Потом ситуация менялась.
– Не пройдем, Женька!
– Пройдем! Хрен всем!
Хуже всего было, когда глохли на подъемах. Приходилось на нейтрали, вслепую, катиться назад, в это время Женька дергал стартер, а я вручную качал карбюратор. Машина валилась в снег, но мы каким-то чудом заводились вновь, и с визгом колес вырывались из кюветов. Подъемов было несчесть. Казалось, ночи не будет конца. Не было ни жизни, ни смерти, мы висели где-то посередине, в нулевом пространстве. Сколько раз мы вышли победителями в битве с дорогой, никто не считал.

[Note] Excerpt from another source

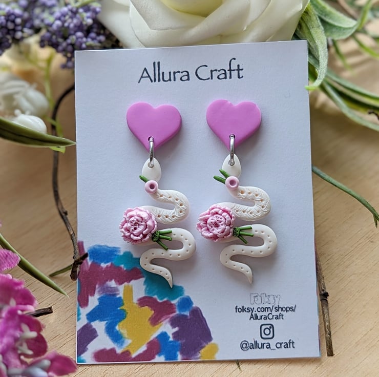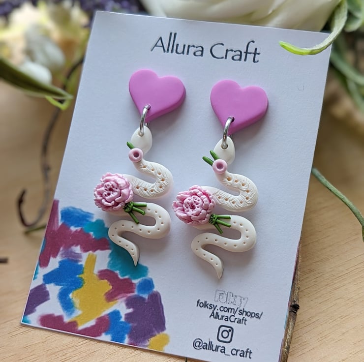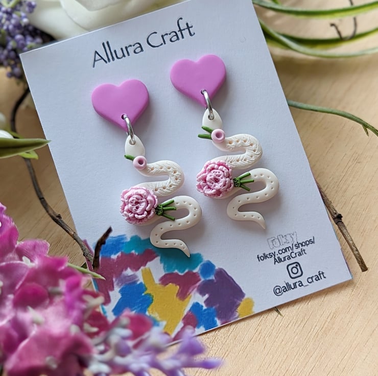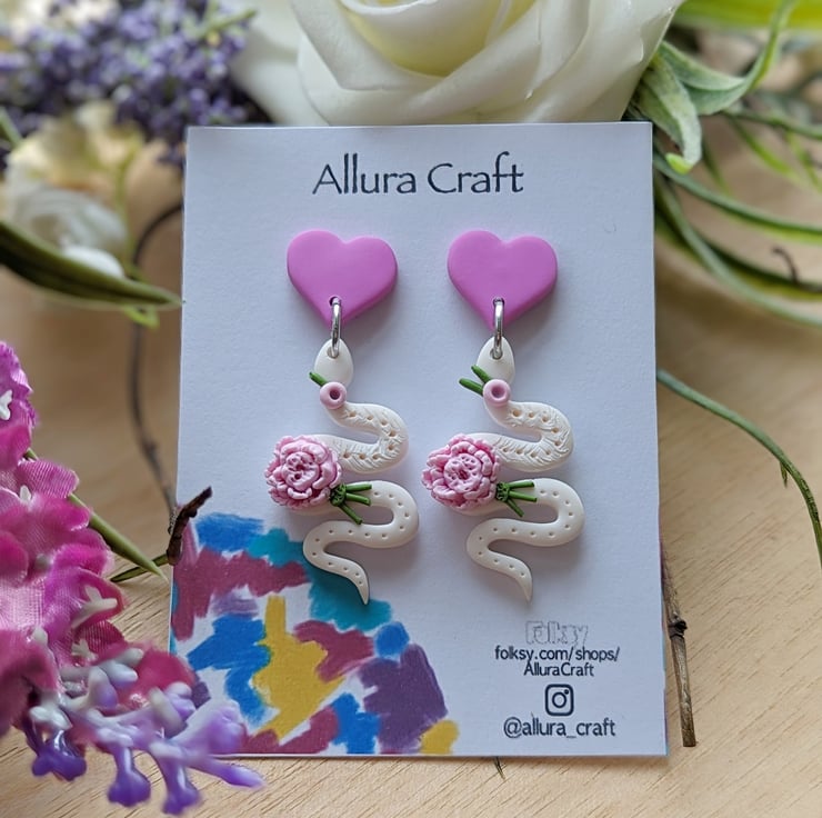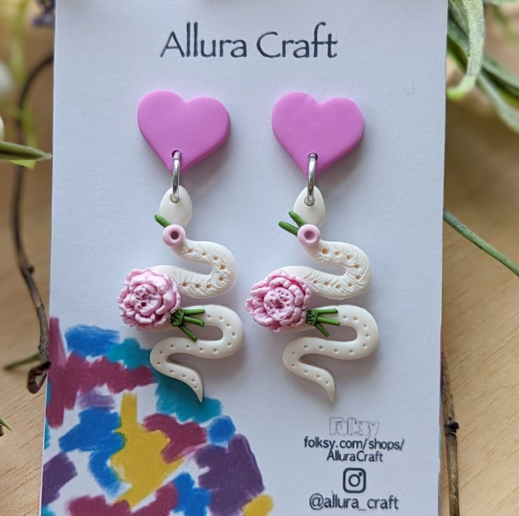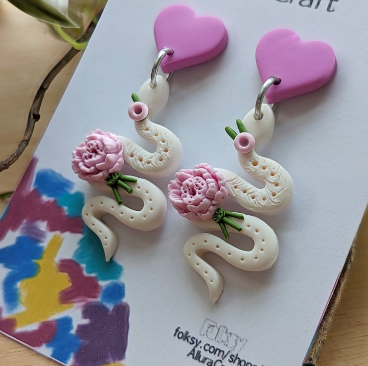 Attached to a white polymer clay snake, with abstract lines and dots markings

Машина уже дотянула до перевала, и ухнула вниз, собрав последние силы. Далеко внизу показались огни поселка, и угасшая надежда, вдруг вспыхнув, качнула весы жизни в нашу сторону. Но мотор вновь захлебнулся и замолк. Попытки его реанимировать успеха не имели.
Скинув крышку воздушного фильтра, Женька задумчиво посмотрел на мотор и спросил меня:
– Смерти боишься? – наверное забыв, что после такой ночи вопрос этот неуместен.
– Нет!
– Тогда лей бензин из ведра прямо в карбюратор! Дотянем!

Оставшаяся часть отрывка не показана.